Darauf kommt es jetzt an

  • Ignorieren Sie alle inneren und äußeren Stimmen, die sagen, Sie seien zu alt.
  • Reduzieren Sie Trainings­volumen und Zahl der ­Wettkampfteilnahmen.
  • Denken Sie von Tag zu Tag.
  • Legen Sie in Ihren Läufen ruhig Gehpassagen ein.

zur Startseite

As an enthusiast with in-depth knowledge of running and training across various age groups, I understand the complexities and nuances associated with adapting one's running routine to the aging process. My expertise is rooted in a profound understanding of physiological changes, training methodologies, and the psychological aspects of runners at different life stages.

The article discusses running at different age intervals: 40, 50, 60, 70, and over 75, highlighting the challenges and adjustments necessary for each age group. The information provided covers a range of topics, including the impact of aging on performance, physiological changes such as a decrease in maximum oxygen uptake (VO2max) and muscle mass, and the need for tailored training and goal-setting.

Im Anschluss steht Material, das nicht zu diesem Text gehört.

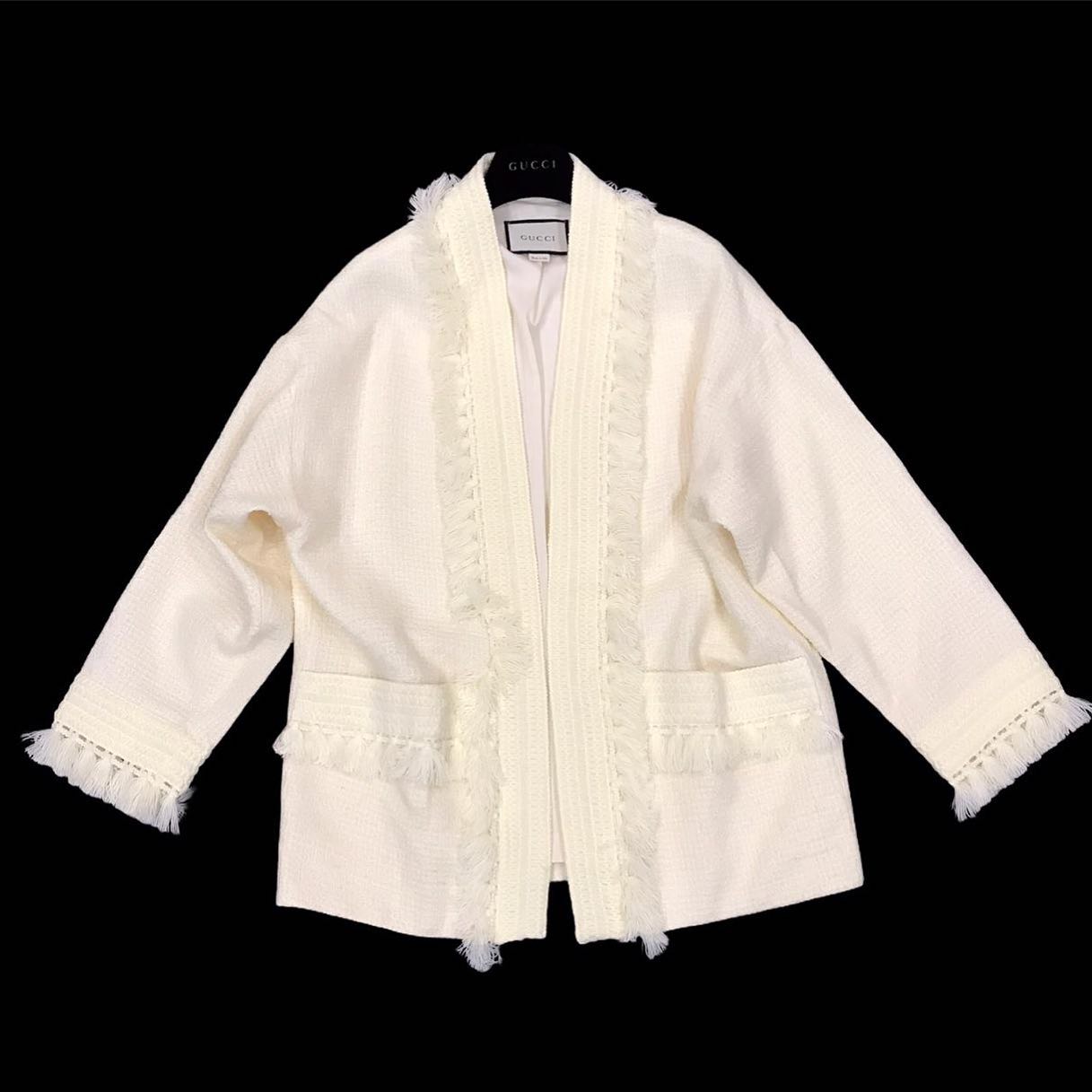 Данный жакет Gucci LUX-46282 представляет собой элегантный предмет одежды в стиле кэжуал, выполненный в нежном кремовом цвете. Его отличает минималистичный дизайн с акцентом на фактурную ткань и декоративную бахрому по краям, создавая утонченный образ.
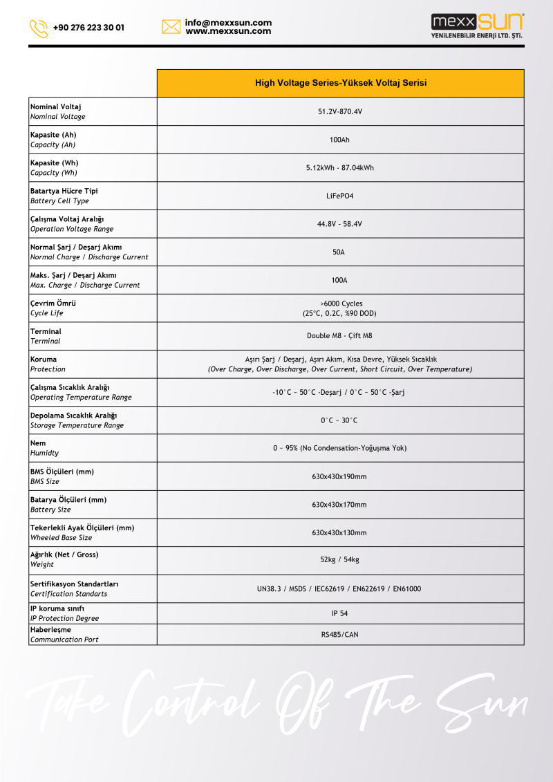 MEXXSUN Yüksek Voltaj Lityum Akü 40.96 kWh
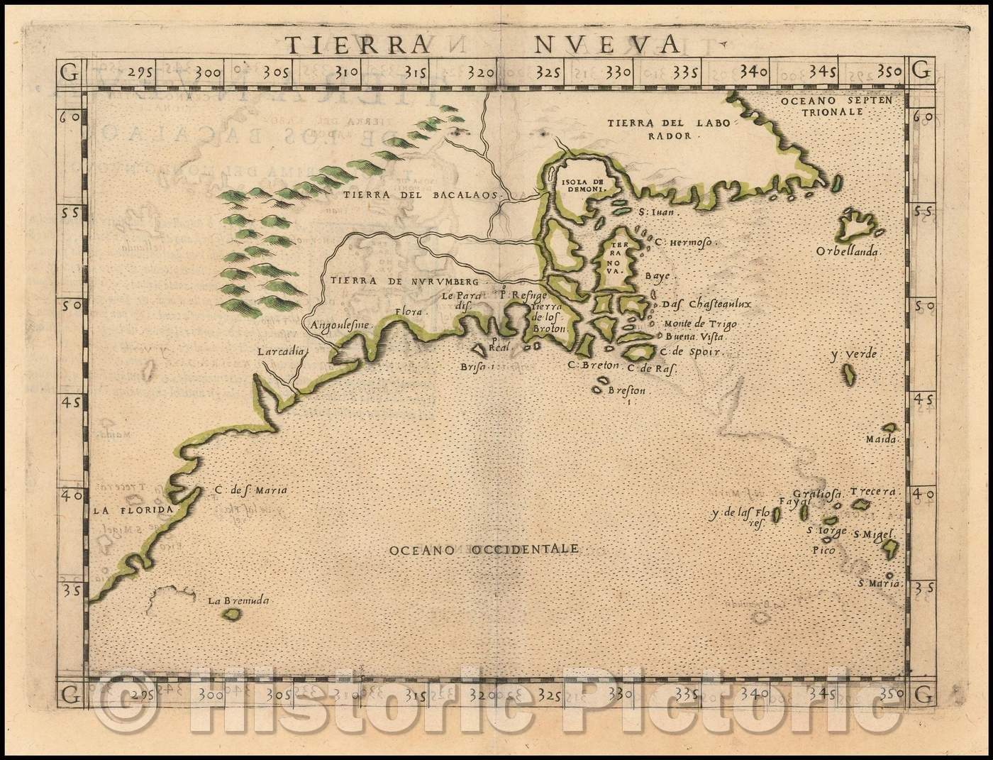 Historic Map - [New England] Tierra Nueva, 1561, Girolamo Ruscelli - Vintage Wall Art
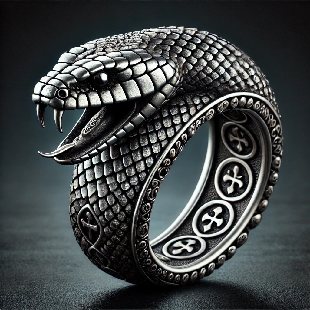 This power snake ring is a bold and captivating piece that represents transformation, stealth, and strength. The ring features a detailed snake coiled around the finger, with piercing, intense eyes and intricately textured scales that capture the snake’s agile and primal nature. The snake’s head is slightly raised with a fierce expression, showcasing sharp fangs that add to its menacing allure. bThe band is embellished with delicate tribal patterns and ancient symbols, emphasizing themes of resilience and adaptability.
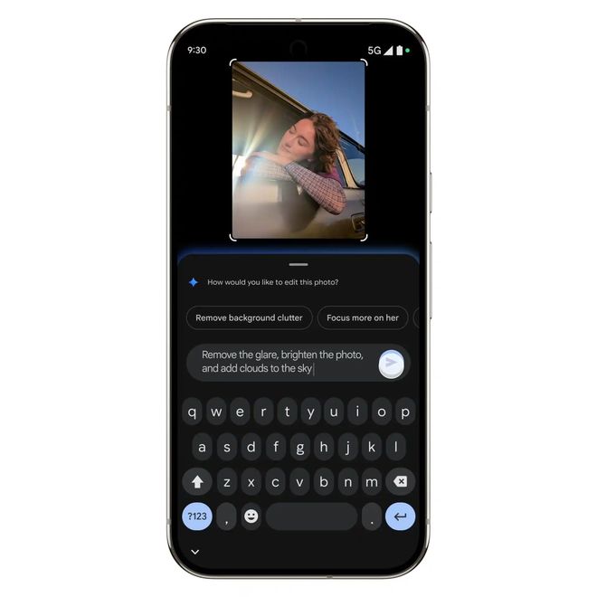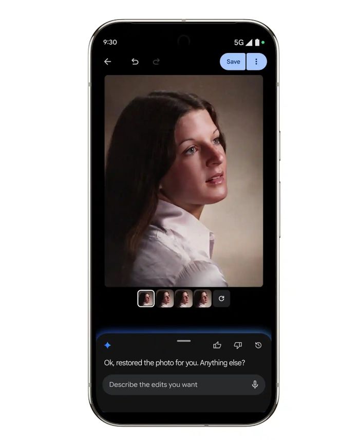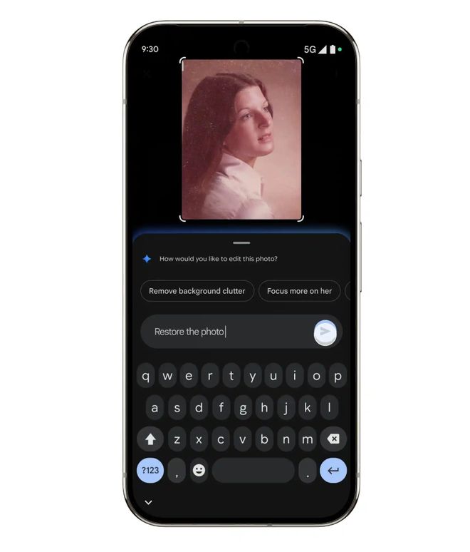 这项功能最早亮相于Pixel10系列手机发布会,它可以让用户用文字描述怎么修改图片,随后自动完成修图流程,例如用户可以在对话框里说“修复老照片”,让一张年代久远的照片变得清晰;也可以说“更换背景”“给照片里的人戴上墨镜”;当不知道要修改什么时,也可以只说“让照片变得更好”。
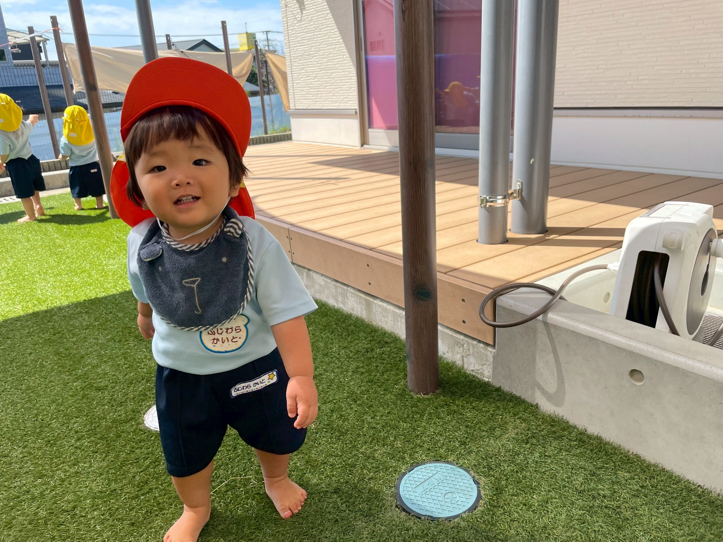 かけっこをしたり、園庭の中の涼しい場所や落ち葉を見つけたりしながら、のびのびと過ごしました🥰りす🐿
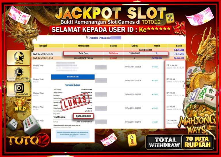 Selamat kepada Member Kami Ke***** Telah Jackpot dan berhasil mendapatkan kemenangan besar pada permainan JACKPOT SLOT GAME (MAHJONG WAYS) Dengan Kemenangan Sebesar Rp.70.000.000–. Setelah mengisi Fomulir Withdraw dengan Kurang waktu 1-2 Menit Dana sudah kami Trasnfer kepada Pemilik Userid dan dana sudah dapat di cairkan oleh pemenang. Bukti Pembayaran yang TOTO12 berikan merupakan Bukti Pembayaran yang SAH…
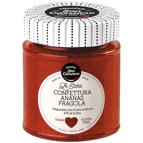 Confettura extra preparata con ananas, fragole e zucchero di canna. Ideale spalmata sul pane, per guarnire torte, yogurt e gelati.
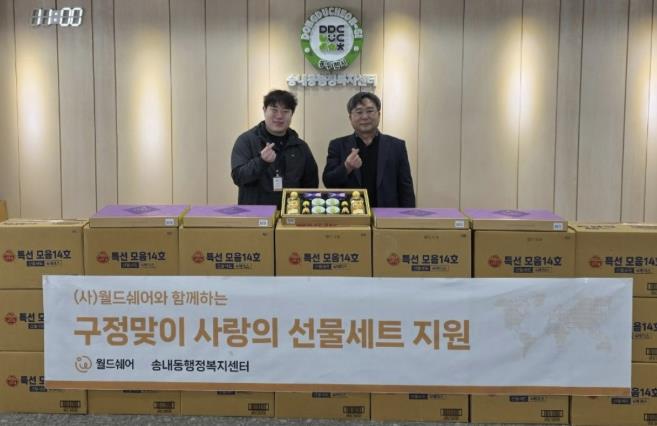 임은승 송내동장은 “월드쉐어의 따뜻한 나눔 덕분에 어려운 이웃들이 풍성한 명절을 보낼 수 있게 됐다”라며“후원 물품은 관내 복지 사각지대 및 취약계층에 골고루 전달해 추운 겨울 따뜻한 명절을 보낼 수 있도록 하겠다”라고 전했다.
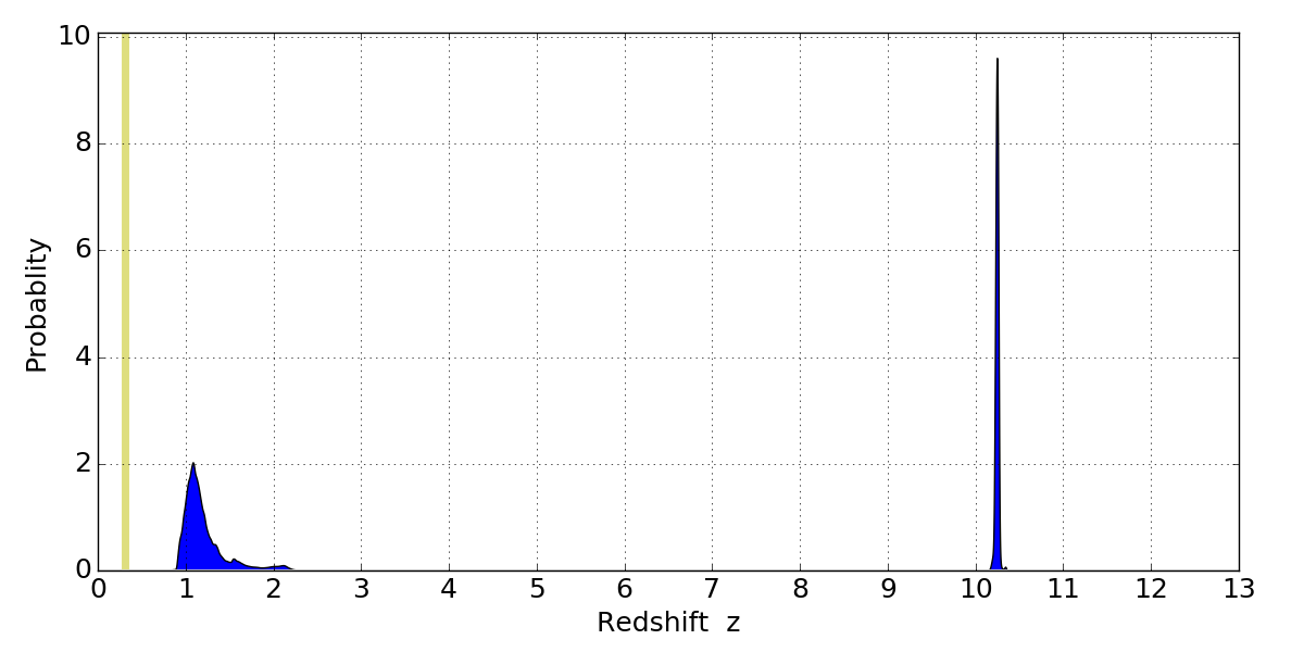 Best viewed in a wide browser window (1200 pixels or more). Download SED & P(z) plots to view larger versions.
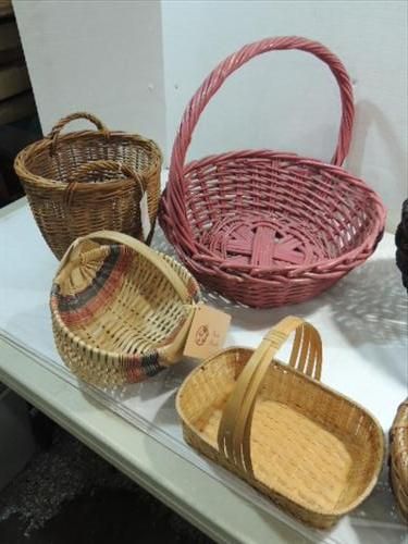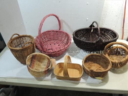 LOT 7 VINTAGE REED WOVEN ASSORTED SIZES BASKETS. AS SHOWN. VIEW PICTURE FOR DETAIL.
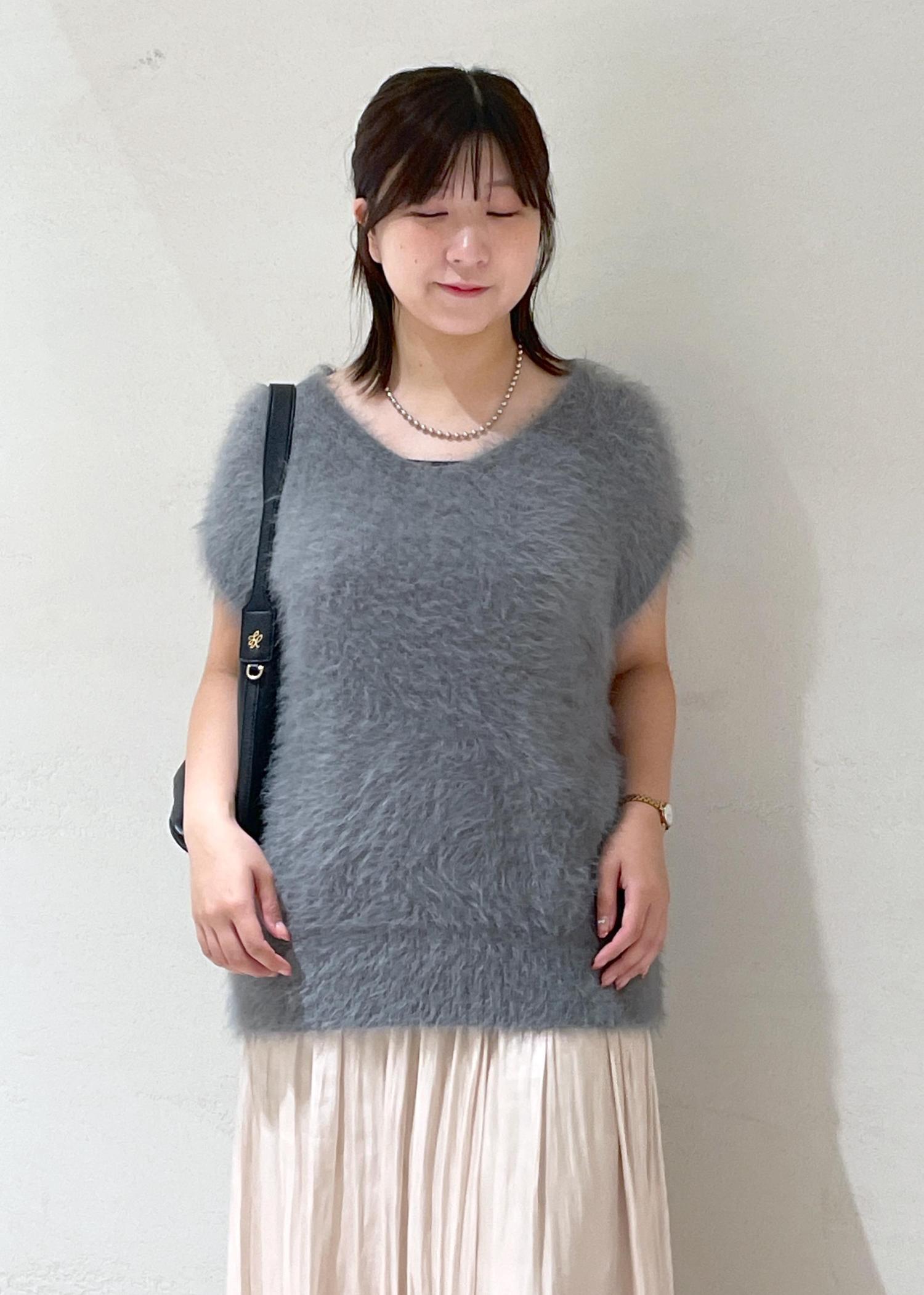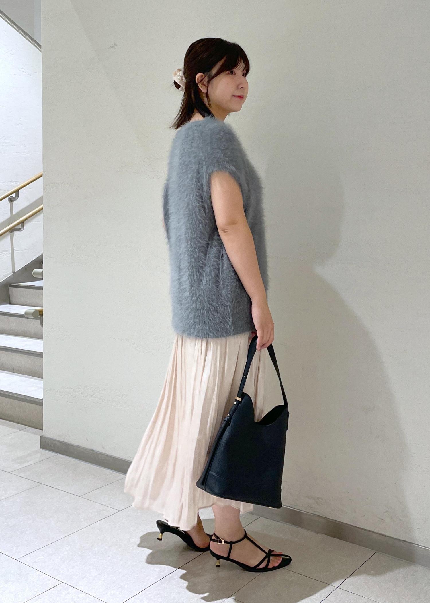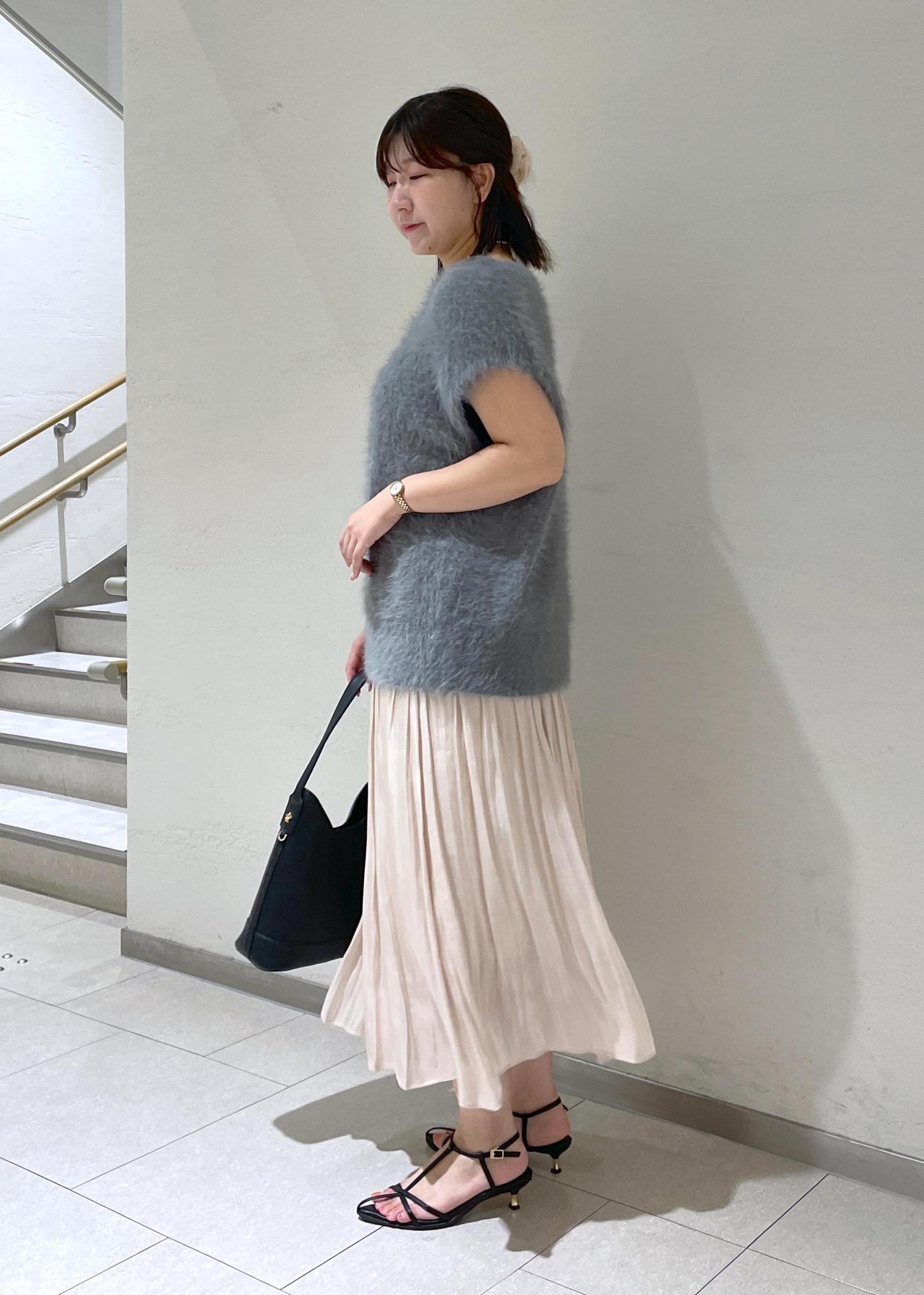 毛足のあるニットはボトムを軽やかにすると、8月からも着用でき重たくない印象にしてくれます。
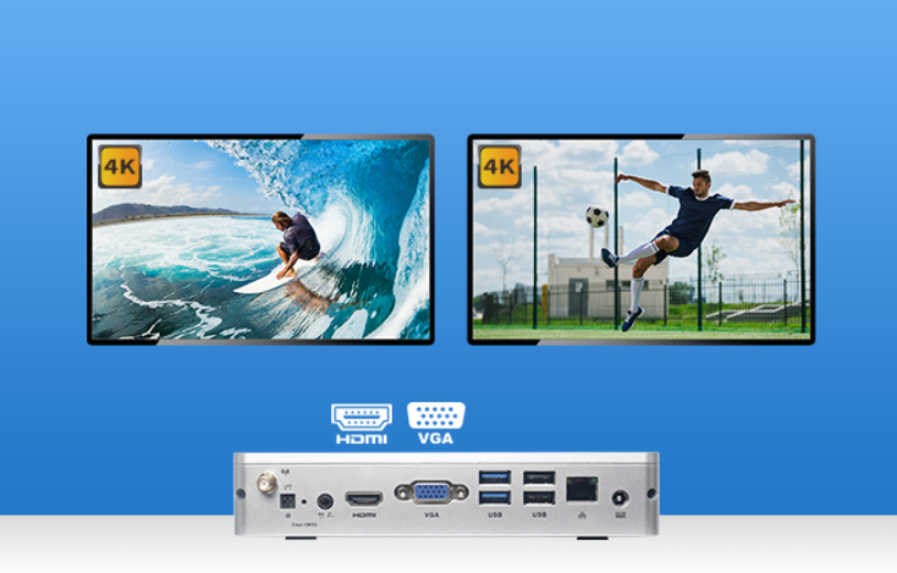 VT26采用JasperLake平台,搭载N5095处理器,使用IntelUHD Graphics,提供一组HDMI数字显示接口,支持4K超高清内容显示,一组VGA模拟显示接口,最大1080P单屏播放能力,提供高清流畅的桌面体验,为用户体验带来质的提升。
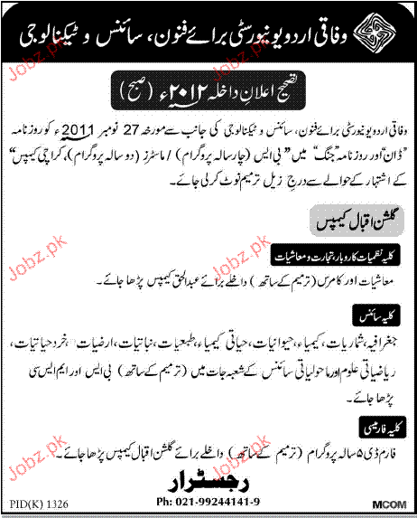 Admission Open in Federal Urdu University of Arts & Sciences in Karachi Read newspaper ad for exact details.

Key Concepts Covered in the Article:

1. Aging and Running Performance:

  • The article emphasizes that physical decline typically sets in around the age of 30-40, leading to an annual performance decline of approximately 0.7%, according to World Masters Athletics statistics.

2. Physiological Changes:

  • With increasing age, there's a decline in maximum oxygen uptake (VO2max) and muscle mass.
  • Injuries and wear and tear over time can impede mobility, and recovery becomes slower.

3. Adaptation in Training for Different Age Groups:

  • The need to adjust training and expectations based on the realities of aging is highlighted.
  • Training advice is provided for each age group, focusing on factors like increased vulnerability to injuries and the importance of recovery.

4. Positive Outlook on Aging and Running:

  • Evolutionary biologist Daniel Lieberman's perspective is cited, indicating that humans are evolutionarily capable of running into old age.

5. Training in the 40s:

  • The age range of 35-45 is discussed, acknowledging that while some runners may continue improving, others may experience the impact of aging around 39-40.

6. Training in the 50s:

  • Despite performance decline and longer recovery times, the 45-55 age range is presented as an opportunity for satisfying running experiences.

7. Training in the 60s:

  • The advantages of having fewer competitors in the 55-59 and 60-64 age groups are mentioned.
  • The importance of adapting training to changes in recovery capacity is stressed.

8. Training in the 70s:

  • Examples of older runners maintaining competitiveness and motivation are provided.
  • Caution is advised in training, with an emphasis on active recovery and strength training.

9. Running Over 75:

  • The experiences of successful older runners, such as John Keston, who adjusted their training routines, are shared.
  • The importance of maintaining physical activity for overall health is emphasized.

10. Individualized Approaches:

  • The article advocates for runners to understand their bodies, adjust goals, and consider factors like altered training volume and race participation.

In conclusion, the article provides a comprehensive guide for runners at different life stages, blending scientific insights with practical advice, and promoting a positive and adaptable mindset towards aging and running.

Lauftraining für jedes Alter (2024)
Top Articles
Latest Posts
Article information

Author: Reed Wilderman

Last Updated:

Views: 5889

Rating: 4.1 / 5 (52 voted)

Reviews: 91% of readers found this page helpful

Author information

Name: Reed Wilderman

Birthday: 1992-06-14

Address: 998 Estell Village, Lake Oscarberg, SD 48713-6877

Phone: +21813267449721

Job: Technology Engineer

Hobby: Swimming, Do it yourself, Beekeeping, Lapidary, Cosplaying, Hiking, Graffiti

Introduction: My name is Reed Wilderman, I am a faithful, bright, lucky, adventurous, lively, rich, vast person who loves writing and wants to share my knowledge and understanding with you.